Although the function itself works, it does not replace emojis in my text as it seems that the Encoding within the "hash_emojis" dataset is different than the one I have in my data. Thus, the function does not replace the Emojis into words. I have also tried to convert the "hash_emojis" data by using the iconv function but unfortunately did not manage to change the encoding.

I would like to replace the Unicode values are shown in my dataset with words.


Solution

  • I found an answer to your question. I will mark this one as a duplicate later today when you read my answer.

    Using my example:

    library(stringi)
    library(magrittr)
    
    "text goes here bla bla <u+0001F600><u+0001f602>"  %>% 
      stri_replace_all_regex("<u\\+([[:alnum:]]{4})>", "\\\\u$1") %>% 
      stri_replace_all_regex("<u\\+([[:alnum:]]{5})>", "\\\\U000$1") %>% 
      stri_replace_all_regex("<u\\+([[:alnum:]]{6})>", "\\\\U00$1") %>% 
      stri_replace_all_regex("<u\\+([[:alnum:]]{7})>", "\\\\U0$1") %>% 
      stri_replace_all_regex("<u\\+([[:alnum:]]{8})>", "\\\\U$1") %>% 
      stri_replace_all_regex("<u\\+([[:alnum:]]{1})>", "\\\\u000$1") %>% 
      stri_replace_all_regex("<u\\+([[:alnum:]]{2})>", "\\\\u00$1") %>% 
      stri_replace_all_regex("<u\\+([[:alnum:]]{3})>", "\\\\u0$1") %>% 
      stri_unescape_unicode() %>% 
      stri_enc_toutf8() %>% 
      textclean::replace_emoji()
    
    [1] "text goes here bla bla grinning face face with tears of joy "
    

    Now be carefull of the unicode representation. The example answer has the "U" in upper case, I changed this to lower case "u" to reflect your example.

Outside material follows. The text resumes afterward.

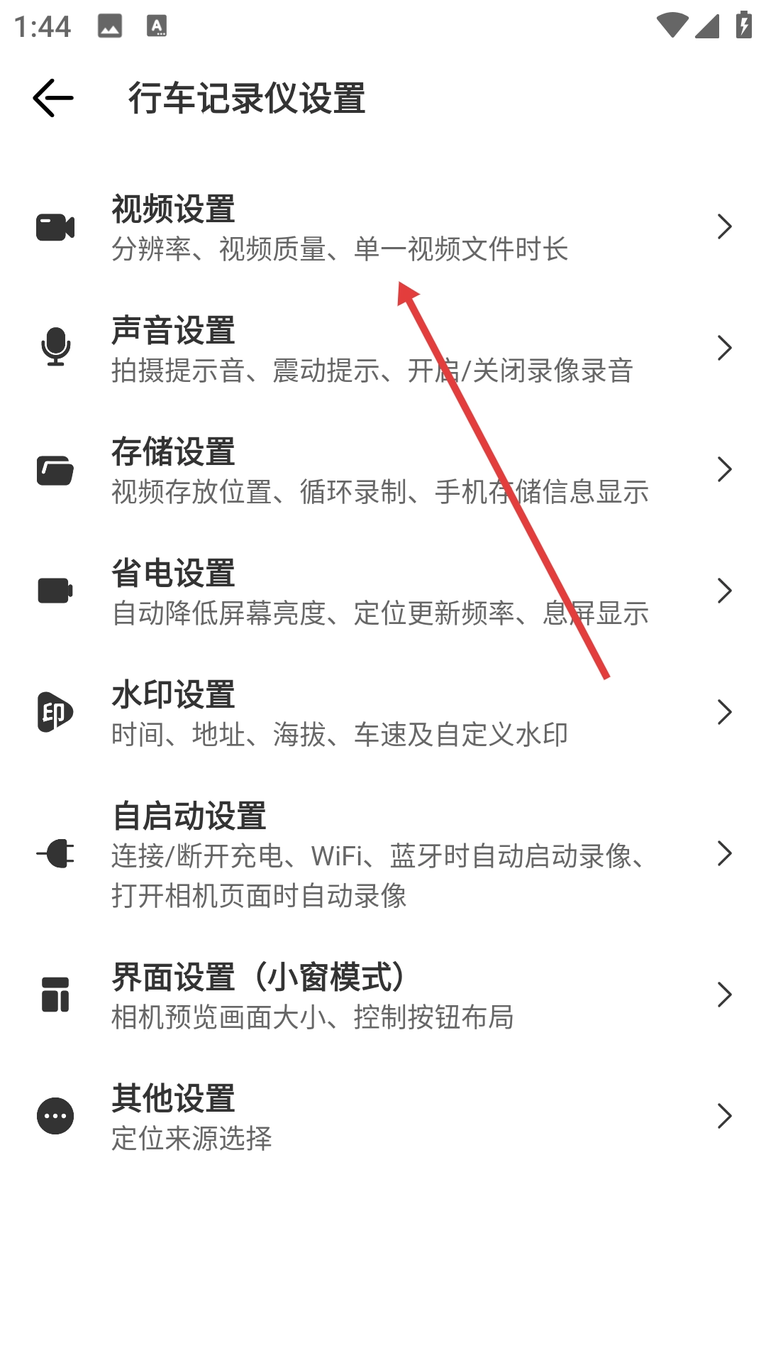 进入行车记录仪的设置界面后,找到并点击【视频设置】这一选项,即可进入对应的视频设置页面。

    To combine everything:

    # create a function to use within tm_map
    unicode_replacement <- function(text) {
      text %>% 
        stri_replace_all_regex("<u\\+([[:alnum:]]{4})>", "\\\\u$1") %>% 
        stri_replace_all_regex("<u\\+([[:alnum:]]{5})>", "\\\\U000$1") %>% 
        stri_replace_all_regex("<u\\+([[:alnum:]]{6})>", "\\\\U00$1") %>% 
        stri_replace_all_regex("<u\\+([[:alnum:]]{7})>", "\\\\U0$1") %>% 
        stri_replace_all_regex("<u\\+([[:alnum:]]{8})>", "\\\\U$1") %>% 
        stri_replace_all_regex("<u\\+([[:alnum:]]{1})>", "\\\\u000$1") %>% 
        stri_replace_all_regex("<u\\+([[:alnum:]]{2})>", "\\\\u00$1") %>% 
        stri_replace_all_regex("<u\\+([[:alnum:]]{3})>", "\\\\u0$1") %>% 
        stri_unescape_unicode() %>% 
        stri_enc_toutf8()
    }
    
    library(tm)
    library(textclean)
    text.corpus <- VCorpus(VectorSource(text)) #Transforming into corpus
    text.corpus <- tm_map(text.corpus, content_transformer(unicode_replacement))
    text.corpus <- tm_map(text.corpus, content_transformer(function(x) replace_emoji(x, emoji_dt = lexicon::hash_emojis)))  
    
    inspect(text.corpus[[1]]) 
    
    <<PlainTextDocument>>
    Metadata:  7
    Content:  chars: 92
    
    text goes here bla bla <f0><9f><a4><a6><f0><9f><8f><bd><e2><80><8d> female sign <ef><b8><8f>
    

    Now using your example you get the above outcome. Checking the emoji tables, your unicode examples do not appear in the table except for the female sign. But that is another issue. If I use "text goes here bla bla " the outcome is as expected.